Dataset extract below:

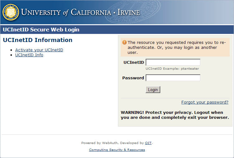 Enter your UCInetID and Password on this page. You will next see the following page, which includes your Name (UCInetID): here it shows my name as Peter Anteater and my UCInetID as (=31Test); I had to create this bogus information because I am not a student at UCI.
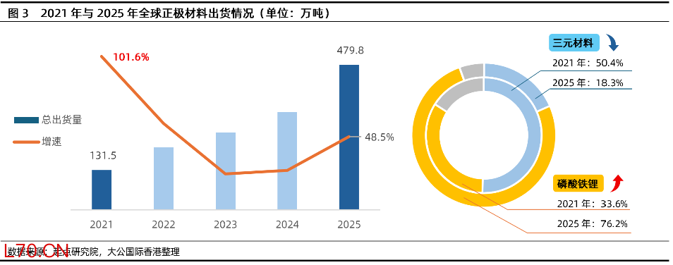 随着动力电池、储能电池等下游需求的旺盛增长,正极材料行业规模呈快速扩张态势,2021年总出货量为131.5万吨,到2025年已攀升至479.8万吨。然而,近年来增长节奏有所放缓,正极材料2021年曾达到101.6%的高增速,后续逐步回落至2024年的26.1%,2025年受益于储能市场爆发,增速提升至48.5%。在材料结构方面,市场占比出现明显变化,三元材料的份额从2021年的50.4%大幅收缩至2025年的18.3%;而磷酸铁锂则实现了占比的反超式增长,从2021年的三成左右,跃升至2025年的七成以上,成为当前正极材料的主流产品。与此同时,钴酸锂与锰酸锂的出货量相对平稳,在总出货量快速扩张的背景下,钴酸锂与锰酸锂的市场占有率持续弱化。这主要是由于近年来随着磷酸铁锂电池的研发创新,其能量密度已突破200Wh/kg,逐步接近中低镍三元材料水平,叠加其循环寿命长、成本可控的优势,在新能源汽车动力电池领域的渗透率持续提升,成为主流车企的核心选择。另外,储能市场需求激增推动磷酸铁锂快速扩容。相较于三元材料,磷酸铁锂在热稳定性、过充过放耐受性等安全性能上更具优势,且不含镍、钴等贵金属,成本优势显著,成为储能电池的首选正极材料。
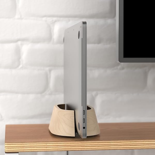 * HumanCentric Vertical Laptop Stand in Maple Wood, Upright Adjustable Holder and Dock, Laptop Vertical Stand Fits MacBook Pro and Other Laptops .5" to 1.5", Clamshell Compatible: optimize your desk with a maple wood vertical laptop stand: cradle and hold your laptop or macbook in style * Save valuable desk space and protect your device from spills with a vertical laptop holder * The adjustable width is highly compatible and fits most laptops and MacBooks from 0.5 to 1.5 inches thick * Use the
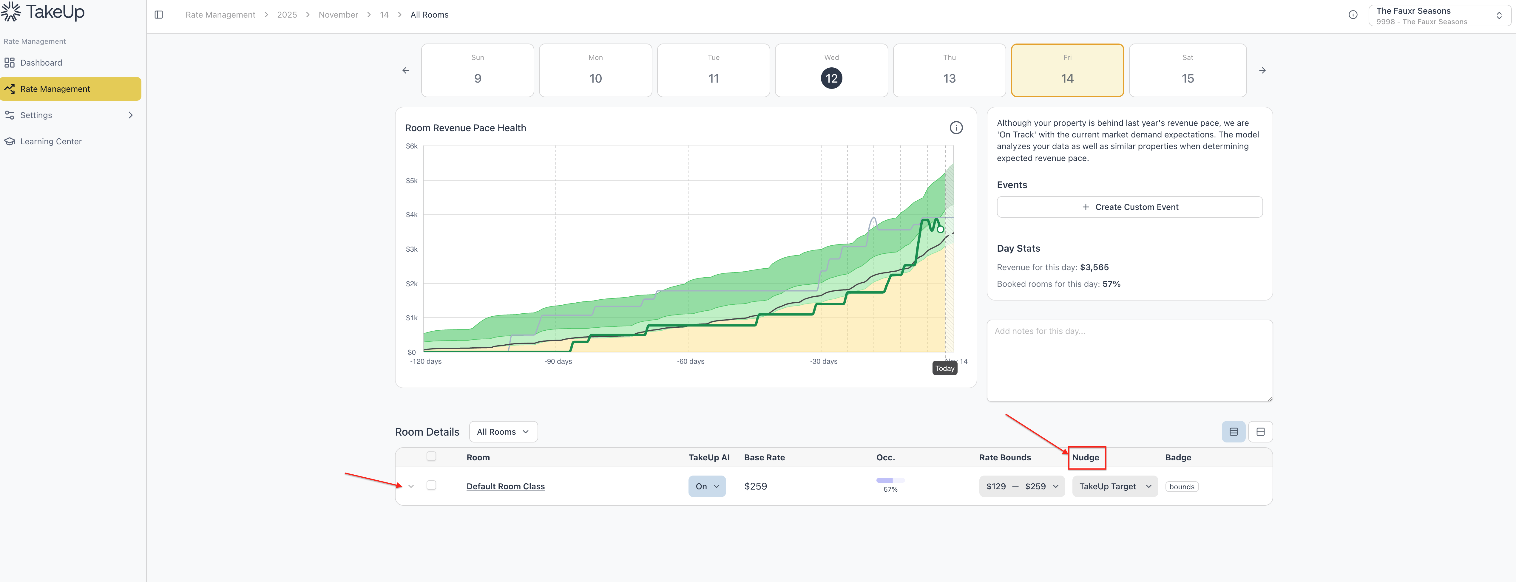 To use the nudge feature, navigate to the Rate Management page and click on the day you are interested in on the calendar.

End of Dataset extract.

The problem -
Reproduce the material above verbatim; omit every picture.

Exercise output -
 Enter your UCInetID and Password on this page. You will next see the following page, which includes your Name (UCInetID): here it shows my name as Peter Anteater and my UCInetID as (=31Test); I had to create this bogus information because I am not a student at UCI.
 随着动力电池、储能电池等下游需求的旺盛增长,正极材料行业规模呈快速扩张态势,2021年总出货量为131.5万吨,到2025年已攀升至479.8万吨。然而,近年来增长节奏有所放缓,正极材料2021年曾达到101.6%的高增速,后续逐步回落至2024年的26.1%,2025年受益于储能市场爆发,增速提升至48.5%。在材料结构方面,市场占比出现明显变化,三元材料的份额从2021年的50.4%大幅收缩至2025年的18.3%;而磷酸铁锂则实现了占比的反超式增长,从2021年的三成左右,跃升至2025年的七成以上,成为当前正极材料的主流产品。与此同时,钴酸锂与锰酸锂的出货量相对平稳,在总出货量快速扩张的背景下,钴酸锂与锰酸锂的市场占有率持续弱化。这主要是由于近年来随着磷酸铁锂电池的研发创新,其能量密度已突破200Wh/kg,逐步接近中低镍三元材料水平,叠加其循环寿命长、成本可控的优势,在新能源汽车动力电池领域的渗透率持续提升,成为主流车企的核心选择。另外,储能市场需求激增推动磷酸铁锂快速扩容。相较于三元材料,磷酸铁锂在热稳定性、过充过放耐受性等安全性能上更具优势,且不含镍、钴等贵金属,成本优势显著,成为储能电池的首选正极材料。
 * HumanCentric Vertical Laptop Stand in Maple Wood, Upright Adjustable Holder and Dock, Laptop Vertical Stand Fits MacBook Pro and Other Laptops .5" to 1.5", Clamshell Compatible: optimize your desk with a maple wood vertical laptop stand: cradle and hold your laptop or macbook in style * Save valuable desk space and protect your device from spills with a vertical laptop holder * The adjustable width is highly compatible and fits most laptops and MacBooks from 0.5 to 1.5 inches thick * Use the
 To use the nudge feature, navigate to the Rate Management page and click on the day you are interested in on the calendar.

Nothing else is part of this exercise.